Exercise instructions: Skip the pictures and give back the rest of the listing exactly.

Records for this exercise:
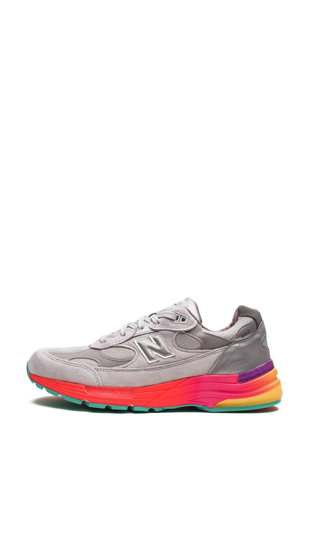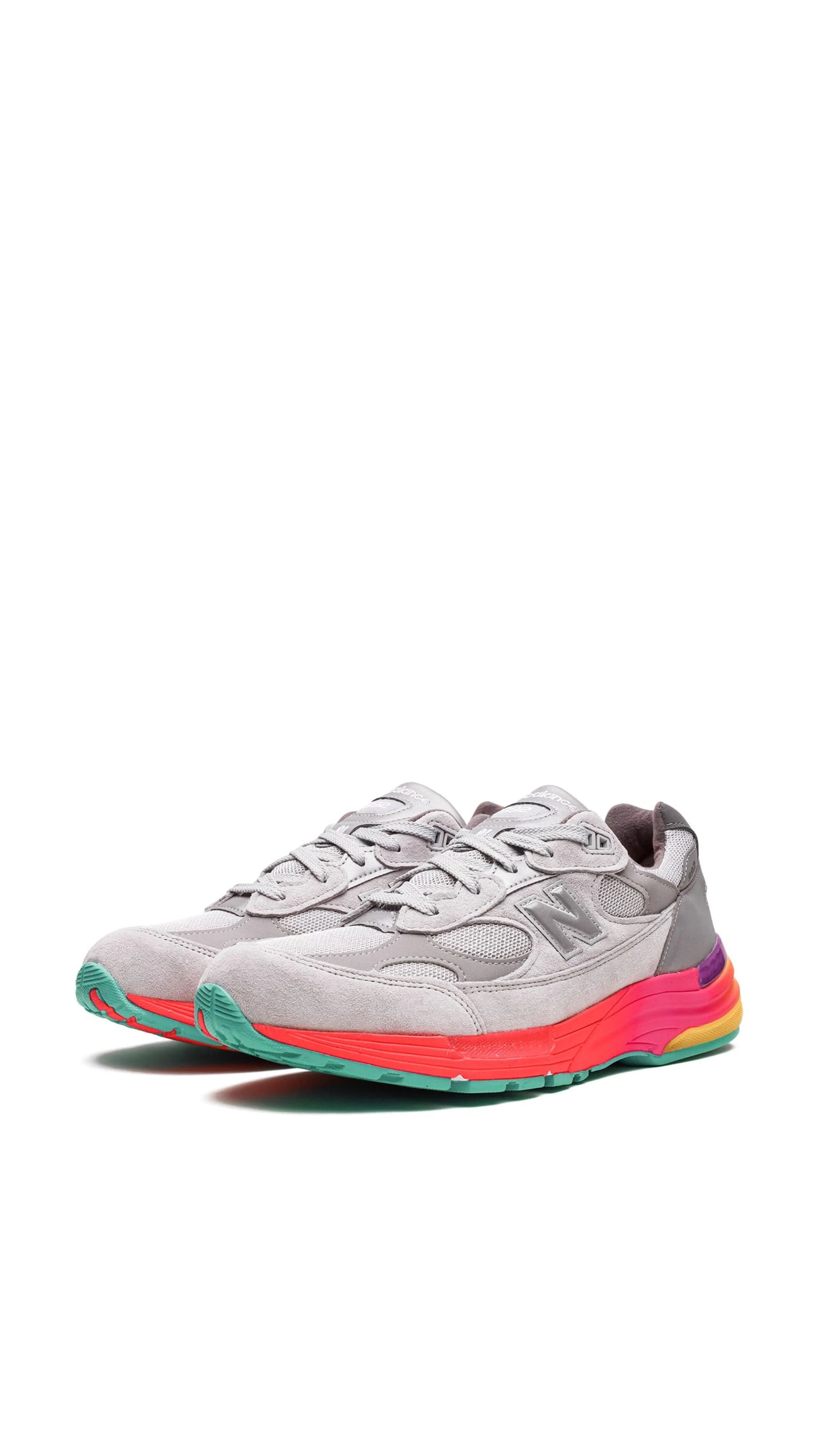 These 992 Made in USA sneakers from New Balance boast a retro-inspired upper juxtaposed with a fresh and youthful colour scheme. Constructed with suede and breathable mesh panelling in a light grey hue, the pair is elevated by a striking rainbow-like rubber outsole.
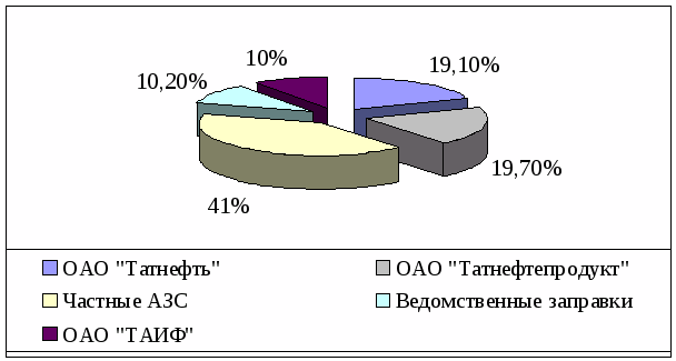 Необходимо отметить, что емкость татарстанского рынка бензина составляет 1,1 млн. тонн бензина и 1,2 млн. тонн дизельного топлива в год. Бензин в Татарстан поставляется из Уфы, Самары и Перми. Крупнейшими топливными операторами являются ОАО «Татнефть» (153 АЗС, 19,1% рынка) и ОАО «Татнефтепродукт» (159 АЗС, 19,7% рынка). 41% рынка приходится на частные АЗС (356 шт.), чуть более 20% рынка занимают ведомственные заправки (рис. 1.1.) [6].
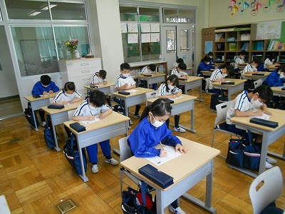 れんげデビュー集会のめあてを確認した後、漢字テストをしました。
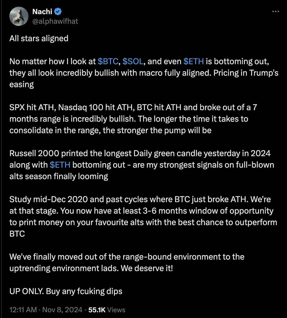 2. 宏观上**一致看涨 BTC ETH SOL,@alphawifhat
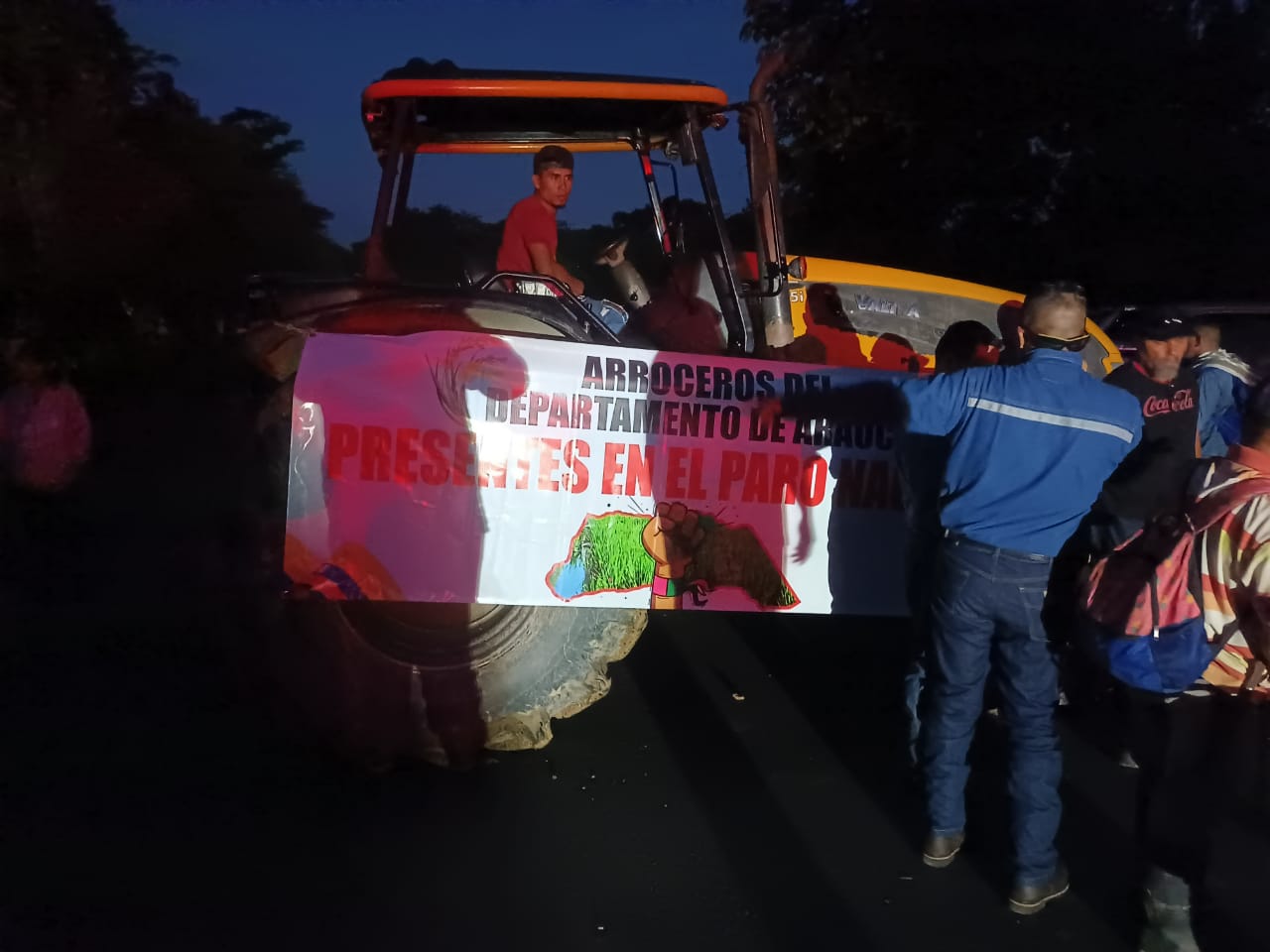 El bloqueo se da según el líder arrocero, Enrique Orozco en apoyo al gremio del departamento del Casanare que ayer bloquearon en el sector de aguazul, las peticiones son las mismas, los precios del arroz están por debajo de los costos de producción, lo que significa que los productores están trabajando a perdidas.
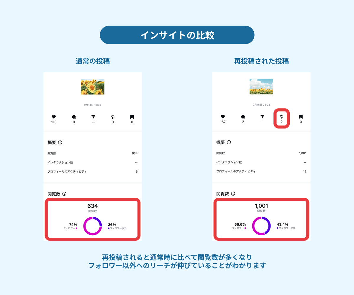 コンテンツは、再投稿者のフォロワーのフィードにも表示されるため、これまで以上にコンテンツが拡散され、フォロー外からの閲覧数などを増やすことができます。
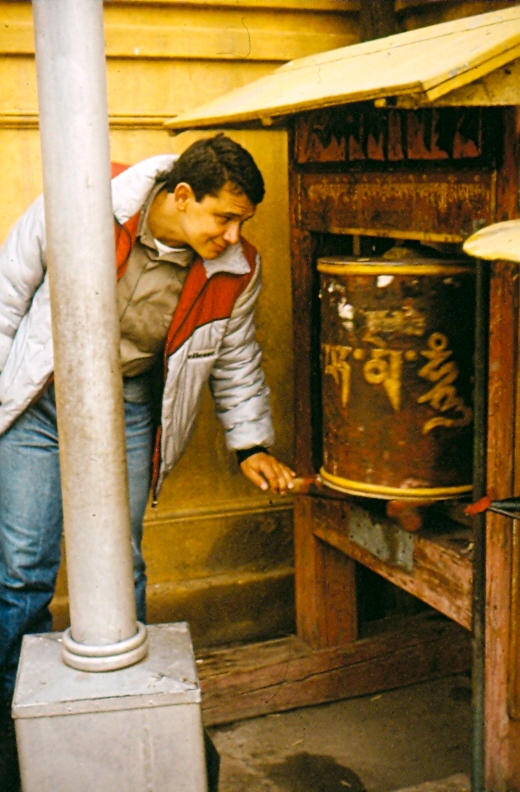 На следващия ден посещаваме Гандана - единственият останал да действува манастир в града. Към него има и манастирски университет. Манастирските храмове не са предвидени за публика. Ламите заемат 9/10 от площта и си мърморят под нос, като от време на време звънят със звънчета и дрънкат по тупани. Естествено филмът ми се свършва още на входа на манастира. Апропо- той –манастирът, не филмът) е бил в известен период - 20-те г. седалище на Далай Лама. Интересно е, че се посещава масово - включително от милиционери и военни, от младежи и дори от малки деца. Въртят си барабаните, удрят си главите в камъните, лягат на специалните лежанки, хранят гълъбите, просят чат-пат и са невероятно мръсни. Има и чейнчаджии и всичката полагаща се напаст на развития социализъм.
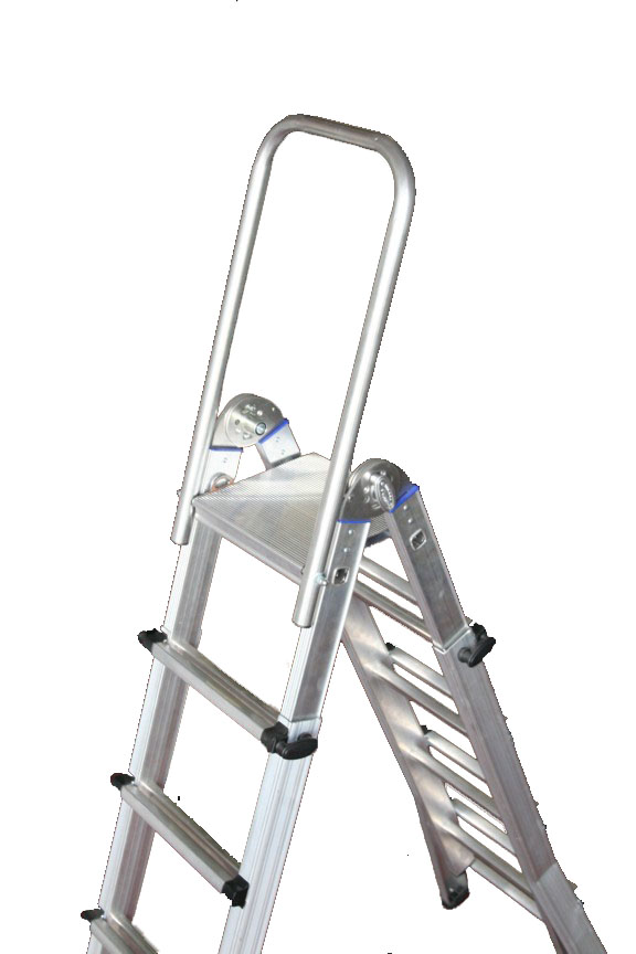 The operator can climb up to the platform at the top of the stepladder safely.
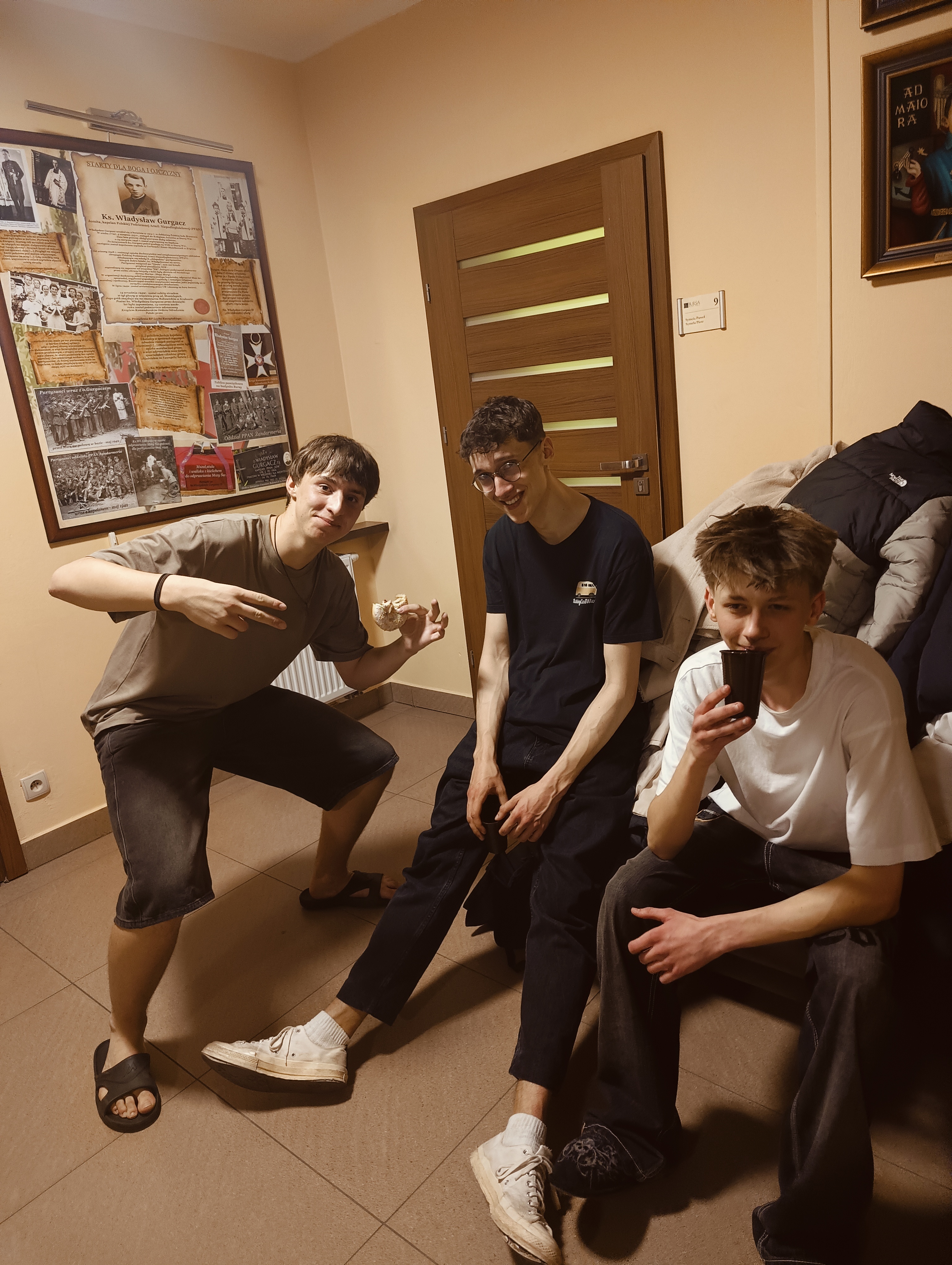 W poniedziałek 3. marca 2025 r. obchodziliśmy święto Patrona Bursy – ks. Władysława Gurgacza SI, kapelana Żołnierzy Wyklętych. Uroczystą Mszę św. odprawił, w zastępstwie o. Prowincjała Towarzystwa Jezusowego, o. Damian Mazurkiewicz SI, homilie wygłosił o. Adrian Helik SI, który przybliżył nam sylwetkę duchową naszego Patrona. Eucharystię koncelebrowali również o. Damian Pawlik SI – dyrektor naszej Bursy, o. Artur Niechwiej SI – dyrektor Jezuickiego Centrum Edukacji (JCE) oraz ks. dr Paweł Kochaniewicz – dyrektor Zespołu Szkół Katolickich. Na uroczystości obecni byli zaproszeni goście min. posłowie, wiceprezydent, sekretarz i skarbnik miasta Nowego Sącza, radni, dyrektorzy szkół do których uczęszczają nasi wychowankowie, panie kierowniczki internatów sądeckich, przedstawiciele IPN z Krakowa, przyjaciele i sympatycy ks. Władysława Gurgacza, rodzice oraz dobrodzieje naszej Bursy. Po uroczystej Mszy św. nasi wychowankowie zaprezentowali wzruszający montaż słowno-muzyczny, w którym przypomnieli zebranym krótką biografię i działalność jezuity, niezłomnego kapelana Żołnierzy Wyklętych, przeplatany śpiewem pieśni patriotycznych. Po części artystycznej, za Bursowym sztandarem udaliśmy się pod pamiątkową tablicę poświęconą ks. Gurgaczowi, umieszczoną na fasadzie Bursy, by złożyć kwiaty. Potem wspólnie z zaproszonymi gośćmi udaliśmy się do budynku na, przygotowany przez nasze panie z kuchni, poczęstunek. Goście mieli okazje zobaczyć Bursę „od środka”, wychowankowie bardzo chętnie oprowadzili gości po budynku opowiadając przy tym o codziennym życiu i funkcjonowaniu w Bursie. Na auli można było obejrzeć przygotowaną prezentację, skosztować słodkich i słonych przekąsek i uraczyć się pyszną kawą lub herbatą. Dało się słyszeć wiele życzliwych słów pod adresem naszej dzielności w Bursie, ale także i rozmów o samym ks. Władysławie Gurgaczu SI i jego krótkim, ale jakże inspirującym życiu.

Response box:
 These 992 Made in USA sneakers from New Balance boast a retro-inspired upper juxtaposed with a fresh and youthful colour scheme. Constructed with suede and breathable mesh panelling in a light grey hue, the pair is elevated by a striking rainbow-like rubber outsole.
 Необходимо отметить, что емкость татарстанского рынка бензина составляет 1,1 млн. тонн бензина и 1,2 млн. тонн дизельного топлива в год. Бензин в Татарстан поставляется из Уфы, Самары и Перми. Крупнейшими топливными операторами являются ОАО «Татнефть» (153 АЗС, 19,1% рынка) и ОАО «Татнефтепродукт» (159 АЗС, 19,7% рынка). 41% рынка приходится на частные АЗС (356 шт.), чуть более 20% рынка занимают ведомственные заправки (рис. 1.1.) [6].
 れんげデビュー集会のめあてを確認した後、漢字テストをしました。
 2. 宏观上**一致看涨 BTC ETH SOL,@alphawifhat
 El bloqueo se da según el líder arrocero, Enrique Orozco en apoyo al gremio del departamento del Casanare que ayer bloquearon en el sector de aguazul, las peticiones son las mismas, los precios del arroz están por debajo de los costos de producción, lo que significa que los productores están trabajando a perdidas.
 コンテンツは、再投稿者のフォロワーのフィードにも表示されるため、これまで以上にコンテンツが拡散され、フォロー外からの閲覧数などを増やすことができます。
 На следващия ден посещаваме Гандана - единственият останал да действува манастир в града. Към него има и манастирски университет. Манастирските храмове не са предвидени за публика. Ламите заемат 9/10 от площта и си мърморят под нос, като от време на време звънят със звънчета и дрънкат по тупани. Естествено филмът ми се свършва още на входа на манастира. Апропо- той –манастирът, не филмът) е бил в известен период - 20-те г. седалище на Далай Лама. Интересно е, че се посещава масово - включително от милиционери и военни, от младежи и дори от малки деца. Въртят си барабаните, удрят си главите в камъните, лягат на специалните лежанки, хранят гълъбите, просят чат-пат и са невероятно мръсни. Има и чейнчаджии и всичката полагаща се напаст на развития социализъм.
 The operator can climb up to the platform at the top of the stepladder safely.
 W poniedziałek 3. marca 2025 r. obchodziliśmy święto Patrona Bursy – ks. Władysława Gurgacza SI, kapelana Żołnierzy Wyklętych. Uroczystą Mszę św. odprawił, w zastępstwie o. Prowincjała Towarzystwa Jezusowego, o. Damian Mazurkiewicz SI, homilie wygłosił o. Adrian Helik SI, który przybliżył nam sylwetkę duchową naszego Patrona. Eucharystię koncelebrowali również o. Damian Pawlik SI – dyrektor naszej Bursy, o. Artur Niechwiej SI – dyrektor Jezuickiego Centrum Edukacji (JCE) oraz ks. dr Paweł Kochaniewicz – dyrektor Zespołu Szkół Katolickich. Na uroczystości obecni byli zaproszeni goście min. posłowie, wiceprezydent, sekretarz i skarbnik miasta Nowego Sącza, radni, dyrektorzy szkół do których uczęszczają nasi wychowankowie, panie kierowniczki internatów sądeckich, przedstawiciele IPN z Krakowa, przyjaciele i sympatycy ks. Władysława Gurgacza, rodzice oraz dobrodzieje naszej Bursy. Po uroczystej Mszy św. nasi wychowankowie zaprezentowali wzruszający montaż słowno-muzyczny, w którym przypomnieli zebranym krótką biografię i działalność jezuity, niezłomnego kapelana Żołnierzy Wyklętych, przeplatany śpiewem pieśni patriotycznych. Po części artystycznej, za Bursowym sztandarem udaliśmy się pod pamiątkową tablicę poświęconą ks. Gurgaczowi, umieszczoną na fasadzie Bursy, by złożyć kwiaty. Potem wspólnie z zaproszonymi gośćmi udaliśmy się do budynku na, przygotowany przez nasze panie z kuchni, poczęstunek. Goście mieli okazje zobaczyć Bursę „od środka”, wychowankowie bardzo chętnie oprowadzili gości po budynku opowiadając przy tym o codziennym życiu i funkcjonowaniu w Bursie. Na auli można było obejrzeć przygotowaną prezentację, skosztować słodkich i słonych przekąsek i uraczyć się pyszną kawą lub herbatą. Dało się słyszeć wiele życzliwych słów pod adresem naszej dzielności w Bursie, ale także i rozmów o samym ks. Władysławie Gurgaczu SI i jego krótkim, ale jakże inspirującym życiu.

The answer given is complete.